# Extended Euclidean algorithm

• Sep 21st 2009, 09:05 AM
geisonmcd
Extended Euclidean algorithm
Find the greatest common divisor D of the integers A and B, and write D with ax + by.

like in:
a = 60 b = 100

What i did to find the GCD:
100/60=1 remain 40.
60/40=1 remain 20.
40/20=2 remain 0.

GCD(60,100) = 20 that is the last remainder non-null.

Continuing:

40 = 100-1.60
20 = 60-1.40

But what do I do now?
• Sep 21st 2009, 12:09 PM
aidan
Quote:

Originally Posted by geisonmcd
Find the greatest common divisor D of the integers A and B, and write D with ax + by.

like in:
a = 60 b = 100

What i did to find the GCD:
100/60=1 remain 40.
60/40=1 remain 20.
40/20=2 remain 0.

GCD(60,100) = 20 that is the last remainder non-null.

Continuing:

40 = 100-1.60
20 = 60-1.40

But what do I do now?

Reduce both a & b by the gcd, making the revised GCD equal to 1.
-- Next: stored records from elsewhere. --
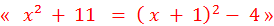 + 64 = ………… Résolution de l’équation : vous transposez : …………………………………………………………….. Voyez-vous une factorisation possible ?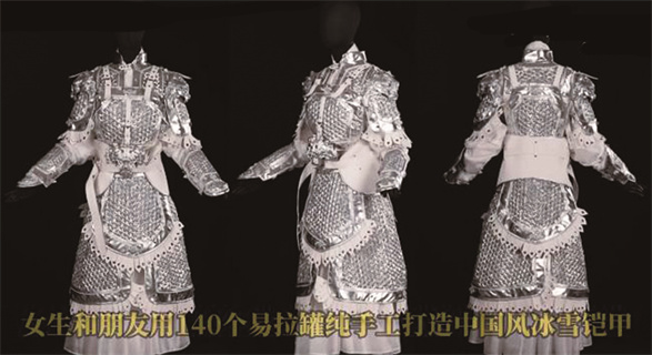 漫新闻 女孩用140个易拉罐打造冰雪铠甲 明朝铠甲款式、140个易拉罐、2600片鳞片…近日,四川成都女孩雁鸿和朋友耗时10天,用易拉罐纯手工打造了一副中国风冰雪铠甲。雁鸿介绍,灵感来源于谷爱凌在冬奥会穿的龙纹“战袍”,觉得谷爱凌很飒,想以此致敬驰骋冰雪的中国运动健儿。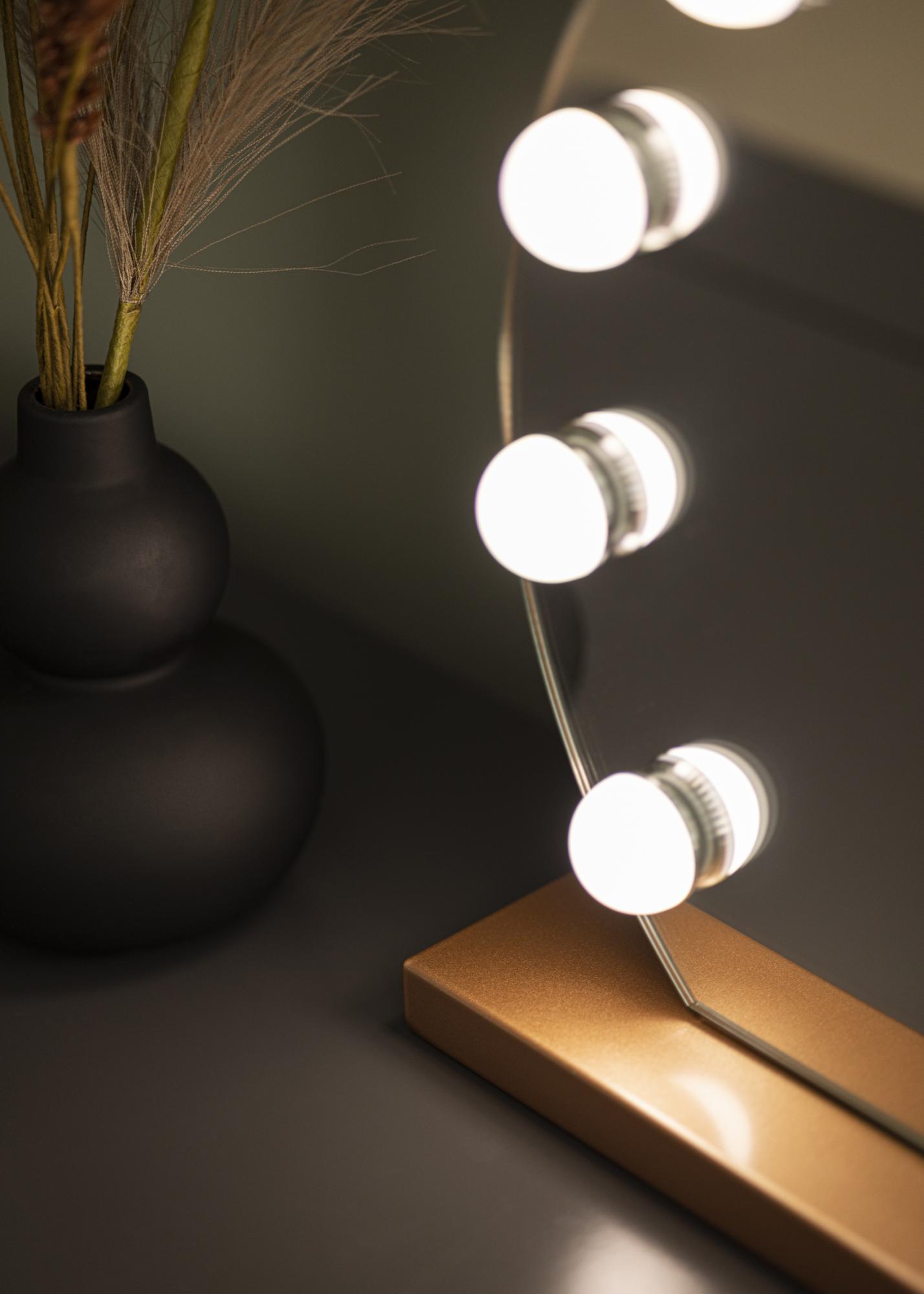 This 40x30 cm mirror has a classic round shape with 10 large LED lights around its outer edge. These lights give the mirror an exclusive look which is further enhanced by the beautiful rose gold colour of the stand. The lighting is activated by using the touch button on the front of the mirror. You can also set the colour temperature and brightness of the lights according to your personal preferences. These settings are accessed with the help of convenient touch buttons marked with "M" and “P” for adjusting colour temperature and brightness respectively. The three light temperatures you can choose from are warm, cool and natural light.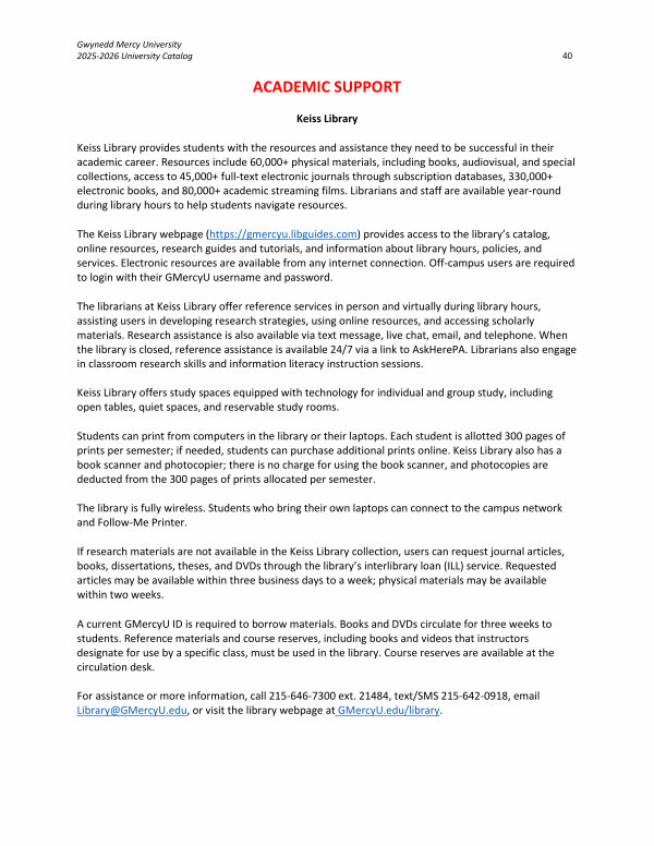 Gwynedd Mercy University 2025-2026 University Catalog 40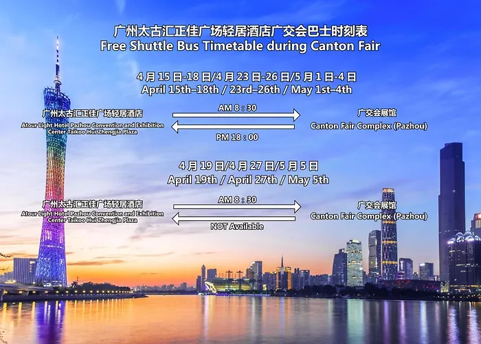 Este hotel de 4 estrellas está situado a 4 km del Jardín de Yuntai y a 2 km de la Torre de televisión de Cantón. Entre los lugares de interés educativo de la zona se encuentran la Universidad Normal del Sur de China ( 2,1 km) y la Universidad Jinan ( 4,1 km). Los lugares de compras cercanos incluyen el Complejo Empresarial y Comercial TaiKoo Hui, que está a unos 30 minutos a pie. El Atour Light Hotel Pazhou Convention And Exhibition Center Taikoo Hui Zhengjia Plaza está cerca del transporte público, a 450 metros de la estación de metro Shipaiqiao y a unos minutos a pie de la parada de autobuses Haixinjie.

$\displaystyle (a): \dfrac{60}{20} = 3$

$\displaystyle (b): \dfrac{100}{20} = 5$

3x + 5y = 1
3(2) + 5(-1) = 1

x=2, y=-1

$\displaystyle ax + by = gcd(a,b)$
$\displaystyle 60 \cdot 2 + 100 \cdot -1 = 20$
• Sep 21st 2009, 01:24 PM
geisonmcd
Where
Quote:

Originally Posted by aidan
Reduce both a & b by the gcd, making the revised GCD equal to 1.

$\displaystyle (a): \dfrac{60}{20} = 3$

$\displaystyle (b): \dfrac{100}{20} = 5$

3x + 5y = 1
3(2) + 5(-1) = 1

x=2, y=-1

$\displaystyle ax + by = gcd(a,b)$
$\displaystyle 60 \cdot 2 + 100 \cdot -1 = 20$

Hey,I didn't get it. From where the 2 and -1 after you have wrote 3x+ 5y = 1 came from?